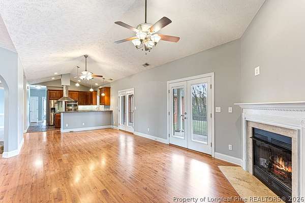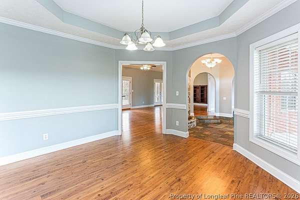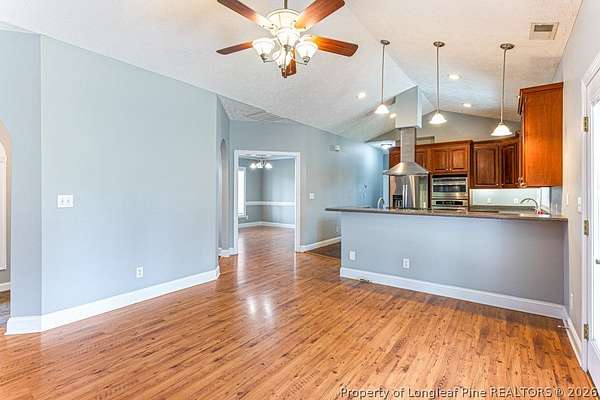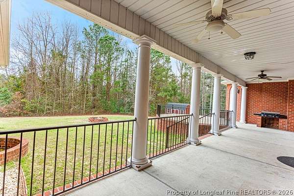 Bring your clients out to see this Beautiful all Brick 5 bedroom 3 bath home with its quiet neighborhood setting in Stedman on over 3.5 acres. 3 car side load attached garage, multiple covered porches, Patio, large yard with fire pit and storage building in rear. Inside find 5 spacious bedrooms, a nicely updated kitchen, gas cooktop, Large open family room with gas log fireplace, Formal dining with Trey ceilings, and formal Living room, Master with gas log fireplace as well as laundry room and plenty of storage . Family room opens onto large rear covered porch overlooking back yard and wooded area.
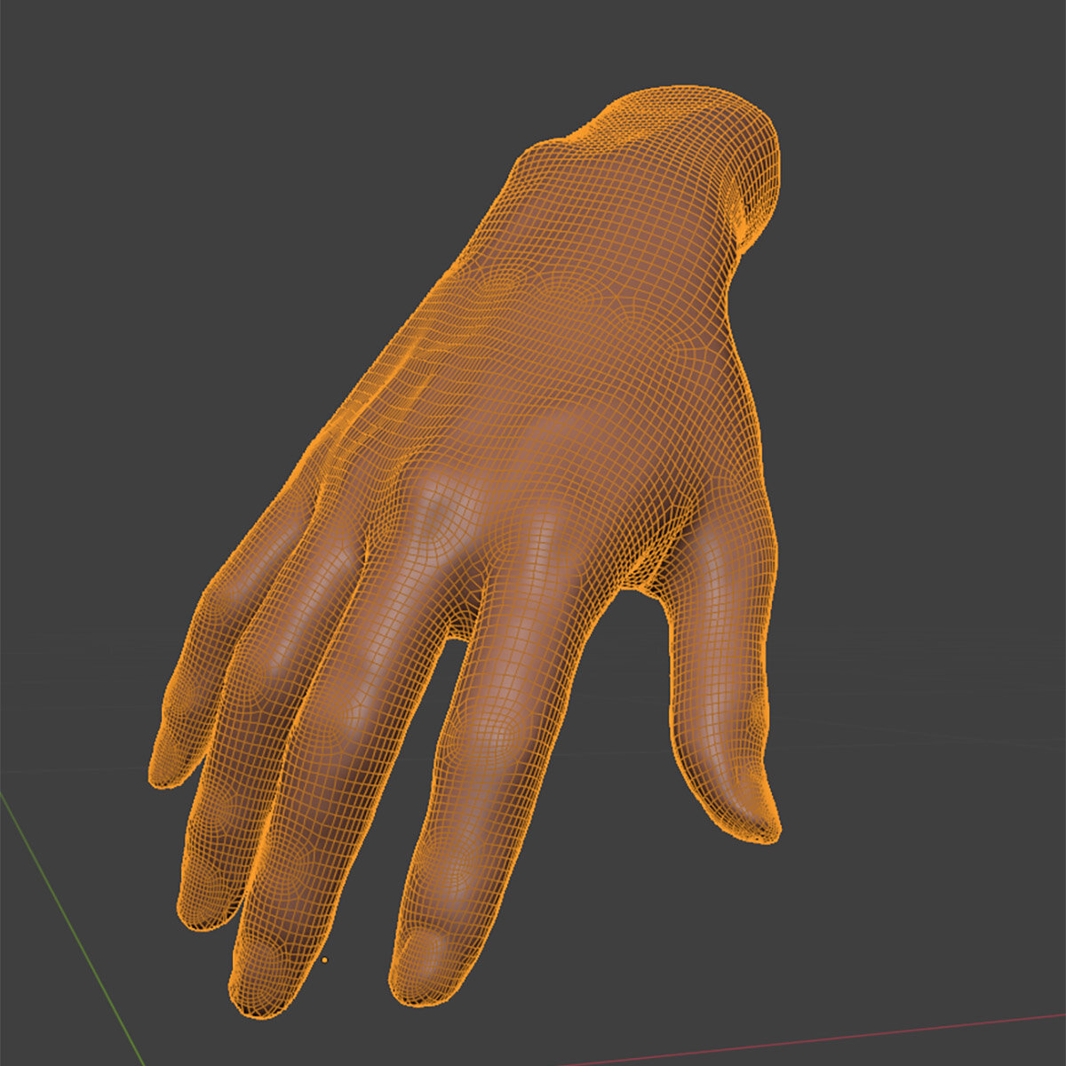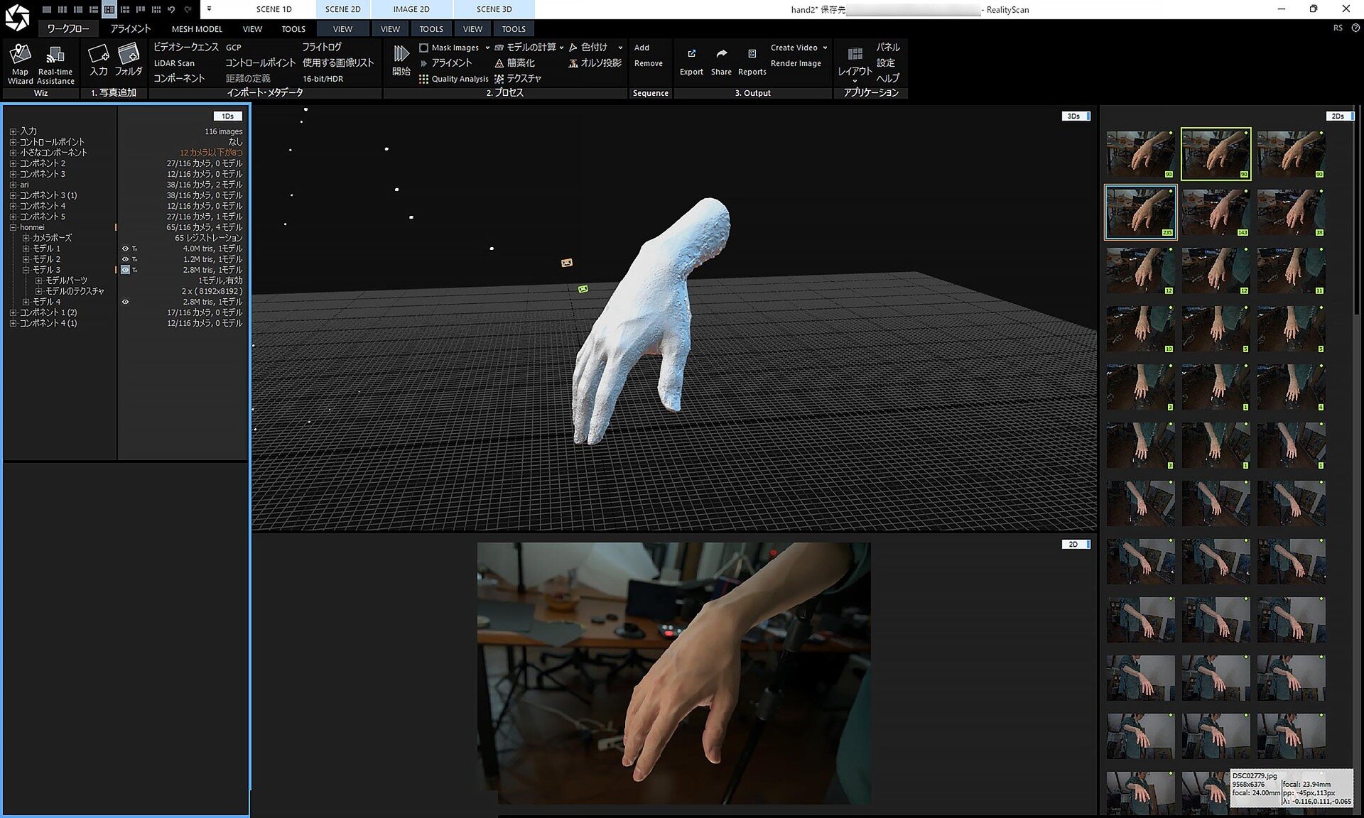 手のフォトグラメトリーでは演者に息を止めてがんばってもらってもどうしても細動があるため、フォトグラメトリーで綺麗なデータを得るのが難しいのですが、これぐらいの表現であれば問題ありませんでした。
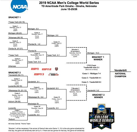 Finally, we arrive at the climax of the entire College World Series bracket: the Championship Series . This is a best-of-three series between the winners of the two brackets. It’s the ultimate showdown, the final test of skill, grit, and determination. The two remaining teams leave everything they have on the field, battling for the right to be called national champions. The tension is thick enough to cut with a knife. Every pitch is scrutinized, every defensive play is magnified, and every at-bat feels like it could decide the fate of the entire series. It’s a true test of a team’s ability to perform under the most extreme pressure. The coaching staffs have worked tirelessly all season, strategizing and preparing their players for this very moment. The players, having overcome so much to get here, are running on pure adrenaline and the dream of etching their names in baseball history. The format of a best-of-three series means that momentum can shift dramatically. A team that loses the first game can come back strong in the second and third, making for incredibly compelling viewing. Managers must make crucial bullpen decisions, and hitters need to deliver in clutch situations. It’s a high-stakes environment where heroes are made and dreams are either realized or dashed. The celebration that erupts when a team clinches the national championship is pure pandemonium. Confetti rains down, players pile on top of each other in joyous embraces, and the coaching staff are mobbed by their ecstatic players. It’s the culmination of a long, arduous season, and the reward for unwavering dedication and hard work. For the losing team, the heartbreak is immense, but they too have achieved something extraordinary by reaching the Championship Series. The College World Series bracket truly represents the peak of college baseball, showcasing incredible talent, compelling narratives, and unforgettable moments. It’s a tournament that captures the hearts of fans and inspires the next generation of players. The journey from the initial selection to the final out of the Championship Series is a testament to the passion, dedication, and competitive spirit that defines college athletics. The culmination of this epic tournament is a moment of pure elation for the victors and a somber realization of the journey’s end for the runners-up. Yet, both sides represent the pinnacle of collegiate achievement in baseball. The final games are often instant classics, etching themselves into the lore of the sport. They are a celebration of everything that makes baseball great: the strategy, the athleticism, the clutch performances, and the unwavering teamwork. The trophy presentation is a culmination of dreams, the ultimate prize for a season of relentless pursuit. The confetti, the cheers, the tears of joy – it’s a scene that every player who competes in college baseball dreams of experiencing. The legacy of that championship team is cemented, remembered for generations to come. It’s the final chapter in the incredible story of the College World Series bracket, a story filled with drama, excitement, and the pursuit of ultimate glory.

### What to work on:
The lines above must be transcribed exactly, with every picture left out.

### Exercise answer:
 Bring your clients out to see this Beautiful all Brick 5 bedroom 3 bath home with its quiet neighborhood setting in Stedman on over 3.5 acres. 3 car side load attached garage, multiple covered porches, Patio, large yard with fire pit and storage building in rear. Inside find 5 spacious bedrooms, a nicely updated kitchen, gas cooktop, Large open family room with gas log fireplace, Formal dining with Trey ceilings, and formal Living room, Master with gas log fireplace as well as laundry room and plenty of storage . Family room opens onto large rear covered porch overlooking back yard and wooded area.
 手のフォトグラメトリーでは演者に息を止めてがんばってもらってもどうしても細動があるため、フォトグラメトリーで綺麗なデータを得るのが難しいのですが、これぐらいの表現であれば問題ありませんでした。
 Finally, we arrive at the climax of the entire College World Series bracket: the Championship Series . This is a best-of-three series between the winners of the two brackets. It’s the ultimate showdown, the final test of skill, grit, and determination. The two remaining teams leave everything they have on the field, battling for the right to be called national champions. The tension is thick enough to cut with a knife. Every pitch is scrutinized, every defensive play is magnified, and every at-bat feels like it could decide the fate of the entire series. It’s a true test of a team’s ability to perform under the most extreme pressure. The coaching staffs have worked tirelessly all season, strategizing and preparing their players for this very moment. The players, having overcome so much to get here, are running on pure adrenaline and the dream of etching their names in baseball history. The format of a best-of-three series means that momentum can shift dramatically. A team that loses the first game can come back strong in the second and third, making for incredibly compelling viewing. Managers must make crucial bullpen decisions, and hitters need to deliver in clutch situations. It’s a high-stakes environment where heroes are made and dreams are either realized or dashed. The celebration that erupts when a team clinches the national championship is pure pandemonium. Confetti rains down, players pile on top of each other in joyous embraces, and the coaching staff are mobbed by their ecstatic players. It’s the culmination of a long, arduous season, and the reward for unwavering dedication and hard work. For the losing team, the heartbreak is immense, but they too have achieved something extraordinary by reaching the Championship Series. The College World Series bracket truly represents the peak of college baseball, showcasing incredible talent, compelling narratives, and unforgettable moments. It’s a tournament that captures the hearts of fans and inspires the next generation of players. The journey from the initial selection to the final out of the Championship Series is a testament to the passion, dedication, and competitive spirit that defines college athletics. The culmination of this epic tournament is a moment of pure elation for the victors and a somber realization of the journey’s end for the runners-up. Yet, both sides represent the pinnacle of collegiate achievement in baseball. The final games are often instant classics, etching themselves into the lore of the sport. They are a celebration of everything that makes baseball great: the strategy, the athleticism, the clutch performances, and the unwavering teamwork. The trophy presentation is a culmination of dreams, the ultimate prize for a season of relentless pursuit. The confetti, the cheers, the tears of joy – it’s a scene that every player who competes in college baseball dreams of experiencing. The legacy of that championship team is cemented, remembered for generations to come. It’s the final chapter in the incredible story of the College World Series bracket, a story filled with drama, excitement, and the pursuit of ultimate glory.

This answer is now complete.